[WORK REQUIRED] Consider the listing below. Extract exactly the lines from the line containing "Candeeiro LED para" to the line containing "Ata sporu olan", both included.

[DATA PROVIDED]

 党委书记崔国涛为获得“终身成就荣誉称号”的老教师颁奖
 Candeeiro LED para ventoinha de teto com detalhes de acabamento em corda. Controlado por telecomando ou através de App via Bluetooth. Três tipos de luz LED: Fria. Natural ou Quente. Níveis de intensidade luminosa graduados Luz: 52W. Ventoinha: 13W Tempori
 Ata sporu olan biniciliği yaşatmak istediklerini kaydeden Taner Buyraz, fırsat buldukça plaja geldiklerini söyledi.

...

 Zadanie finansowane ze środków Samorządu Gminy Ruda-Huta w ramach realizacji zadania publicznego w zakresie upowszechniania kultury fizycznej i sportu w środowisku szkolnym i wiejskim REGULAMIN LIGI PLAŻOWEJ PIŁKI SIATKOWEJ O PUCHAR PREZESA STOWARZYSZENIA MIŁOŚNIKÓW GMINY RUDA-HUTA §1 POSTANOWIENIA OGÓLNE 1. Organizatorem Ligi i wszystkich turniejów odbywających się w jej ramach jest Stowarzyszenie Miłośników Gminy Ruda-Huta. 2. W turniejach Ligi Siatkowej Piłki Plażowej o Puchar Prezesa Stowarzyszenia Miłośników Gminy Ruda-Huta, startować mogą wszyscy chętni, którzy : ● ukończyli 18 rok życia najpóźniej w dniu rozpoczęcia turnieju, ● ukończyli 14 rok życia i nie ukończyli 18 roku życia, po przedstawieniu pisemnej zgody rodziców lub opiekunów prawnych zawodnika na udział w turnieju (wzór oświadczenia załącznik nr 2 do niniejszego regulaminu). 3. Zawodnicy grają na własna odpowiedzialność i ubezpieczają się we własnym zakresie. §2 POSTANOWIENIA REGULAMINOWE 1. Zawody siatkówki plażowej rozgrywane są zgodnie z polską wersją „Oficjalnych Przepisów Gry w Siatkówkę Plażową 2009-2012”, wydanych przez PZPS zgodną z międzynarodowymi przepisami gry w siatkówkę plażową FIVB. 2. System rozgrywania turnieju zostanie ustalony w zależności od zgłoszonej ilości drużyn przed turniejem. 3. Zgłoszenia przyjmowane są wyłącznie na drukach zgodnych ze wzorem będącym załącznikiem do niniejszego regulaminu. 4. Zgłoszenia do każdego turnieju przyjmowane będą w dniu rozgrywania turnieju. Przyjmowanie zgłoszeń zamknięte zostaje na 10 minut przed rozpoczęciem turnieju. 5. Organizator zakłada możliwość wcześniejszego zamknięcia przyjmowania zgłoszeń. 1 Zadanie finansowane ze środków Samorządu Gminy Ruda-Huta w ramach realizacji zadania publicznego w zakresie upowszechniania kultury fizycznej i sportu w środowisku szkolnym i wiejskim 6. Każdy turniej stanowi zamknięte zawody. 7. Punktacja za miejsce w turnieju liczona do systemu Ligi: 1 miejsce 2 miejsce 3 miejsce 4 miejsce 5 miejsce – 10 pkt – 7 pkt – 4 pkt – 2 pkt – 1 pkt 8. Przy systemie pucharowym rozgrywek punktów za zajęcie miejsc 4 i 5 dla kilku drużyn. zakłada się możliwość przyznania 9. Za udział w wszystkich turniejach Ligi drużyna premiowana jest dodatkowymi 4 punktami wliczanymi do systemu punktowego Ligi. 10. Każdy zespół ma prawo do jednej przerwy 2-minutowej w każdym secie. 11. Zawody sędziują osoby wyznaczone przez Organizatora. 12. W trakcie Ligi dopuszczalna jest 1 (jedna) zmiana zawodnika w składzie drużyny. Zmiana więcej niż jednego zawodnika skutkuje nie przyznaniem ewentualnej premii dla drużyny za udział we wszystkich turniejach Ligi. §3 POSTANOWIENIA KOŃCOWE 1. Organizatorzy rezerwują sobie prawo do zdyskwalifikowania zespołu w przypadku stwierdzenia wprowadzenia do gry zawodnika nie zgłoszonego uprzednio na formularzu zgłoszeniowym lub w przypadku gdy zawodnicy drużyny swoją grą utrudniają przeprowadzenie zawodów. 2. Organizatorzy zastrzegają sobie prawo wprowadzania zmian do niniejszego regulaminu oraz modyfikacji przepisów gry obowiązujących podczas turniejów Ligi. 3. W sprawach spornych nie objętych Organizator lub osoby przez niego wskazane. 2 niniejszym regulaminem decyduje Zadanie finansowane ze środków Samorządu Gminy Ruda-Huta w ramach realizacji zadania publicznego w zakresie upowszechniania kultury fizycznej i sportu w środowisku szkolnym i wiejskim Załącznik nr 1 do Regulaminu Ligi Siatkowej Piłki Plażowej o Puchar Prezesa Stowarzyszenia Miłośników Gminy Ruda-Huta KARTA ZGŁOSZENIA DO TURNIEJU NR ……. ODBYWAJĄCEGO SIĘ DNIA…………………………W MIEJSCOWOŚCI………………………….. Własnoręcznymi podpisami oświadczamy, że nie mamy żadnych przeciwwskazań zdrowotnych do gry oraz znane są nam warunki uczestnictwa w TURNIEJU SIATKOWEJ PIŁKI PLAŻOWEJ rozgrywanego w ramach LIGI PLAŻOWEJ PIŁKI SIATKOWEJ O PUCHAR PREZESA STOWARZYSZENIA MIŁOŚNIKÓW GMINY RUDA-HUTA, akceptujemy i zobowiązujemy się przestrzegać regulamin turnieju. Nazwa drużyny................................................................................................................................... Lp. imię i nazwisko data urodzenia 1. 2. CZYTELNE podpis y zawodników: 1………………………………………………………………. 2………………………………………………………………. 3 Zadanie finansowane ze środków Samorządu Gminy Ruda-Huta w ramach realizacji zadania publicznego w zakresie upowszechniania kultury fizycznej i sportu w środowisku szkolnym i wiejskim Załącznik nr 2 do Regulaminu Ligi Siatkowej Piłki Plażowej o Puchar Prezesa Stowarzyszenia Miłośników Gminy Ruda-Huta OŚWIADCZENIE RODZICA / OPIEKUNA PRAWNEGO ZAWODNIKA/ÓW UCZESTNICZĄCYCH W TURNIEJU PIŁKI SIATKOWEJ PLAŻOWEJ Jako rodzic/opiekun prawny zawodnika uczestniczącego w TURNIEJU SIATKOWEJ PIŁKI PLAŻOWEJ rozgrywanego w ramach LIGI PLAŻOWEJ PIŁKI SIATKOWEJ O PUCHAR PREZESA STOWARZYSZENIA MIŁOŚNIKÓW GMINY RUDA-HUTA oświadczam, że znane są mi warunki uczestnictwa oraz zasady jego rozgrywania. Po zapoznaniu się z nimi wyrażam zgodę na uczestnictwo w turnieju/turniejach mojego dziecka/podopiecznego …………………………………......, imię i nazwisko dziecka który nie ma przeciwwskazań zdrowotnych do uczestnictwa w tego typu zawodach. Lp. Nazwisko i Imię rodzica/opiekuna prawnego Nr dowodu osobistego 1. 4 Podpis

[EXERCISE RESULT]
 Candeeiro LED para ventoinha de teto com detalhes de acabamento em corda. Controlado por telecomando ou através de App via Bluetooth. Três tipos de luz LED: Fria. Natural ou Quente. Níveis de intensidade luminosa graduados Luz: 52W. Ventoinha: 13W Tempori
 Ata sporu olan biniciliği yaşatmak istediklerini kaydeden Taner Buyraz, fırsat buldukça plaja geldiklerini söyledi.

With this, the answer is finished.